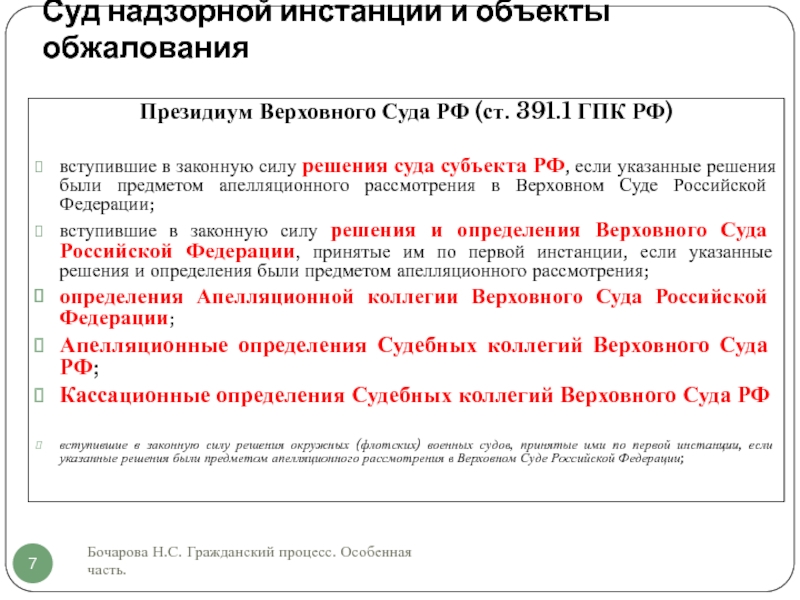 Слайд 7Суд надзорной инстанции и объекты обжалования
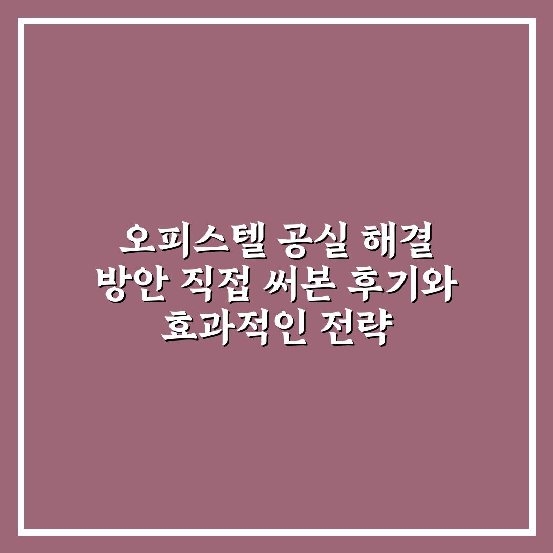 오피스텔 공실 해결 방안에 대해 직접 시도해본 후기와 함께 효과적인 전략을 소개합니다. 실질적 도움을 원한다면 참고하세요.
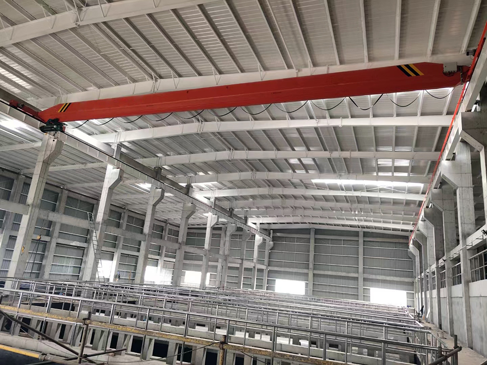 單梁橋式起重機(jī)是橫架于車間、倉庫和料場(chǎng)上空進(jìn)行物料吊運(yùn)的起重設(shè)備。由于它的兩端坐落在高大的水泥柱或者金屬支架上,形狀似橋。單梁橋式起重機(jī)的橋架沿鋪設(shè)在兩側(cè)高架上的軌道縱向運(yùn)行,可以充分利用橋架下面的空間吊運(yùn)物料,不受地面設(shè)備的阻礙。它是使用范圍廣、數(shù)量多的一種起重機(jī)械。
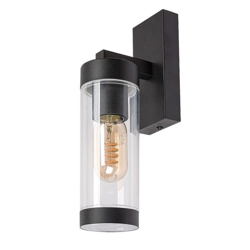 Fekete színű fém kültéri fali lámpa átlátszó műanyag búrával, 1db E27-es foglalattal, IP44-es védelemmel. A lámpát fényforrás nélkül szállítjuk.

_Work task_
The line containing "오피스텔 공실 해결 방안에" marks the start: set down exactly that line and every line after it through the last line of the data, without any pictures.

_Result of the task_
 오피스텔 공실 해결 방안에 대해 직접 시도해본 후기와 함께 효과적인 전략을 소개합니다. 실질적 도움을 원한다면 참고하세요.
 單梁橋式起重機(jī)是橫架于車間、倉庫和料場(chǎng)上空進(jìn)行物料吊運(yùn)的起重設(shè)備。由于它的兩端坐落在高大的水泥柱或者金屬支架上,形狀似橋。單梁橋式起重機(jī)的橋架沿鋪設(shè)在兩側(cè)高架上的軌道縱向運(yùn)行,可以充分利用橋架下面的空間吊運(yùn)物料,不受地面設(shè)備的阻礙。它是使用范圍廣、數(shù)量多的一種起重機(jī)械。
 Fekete színű fém kültéri fali lámpa átlátszó műanyag búrával, 1db E27-es foglalattal, IP44-es védelemmel. A lámpát fényforrás nélkül szállítjuk.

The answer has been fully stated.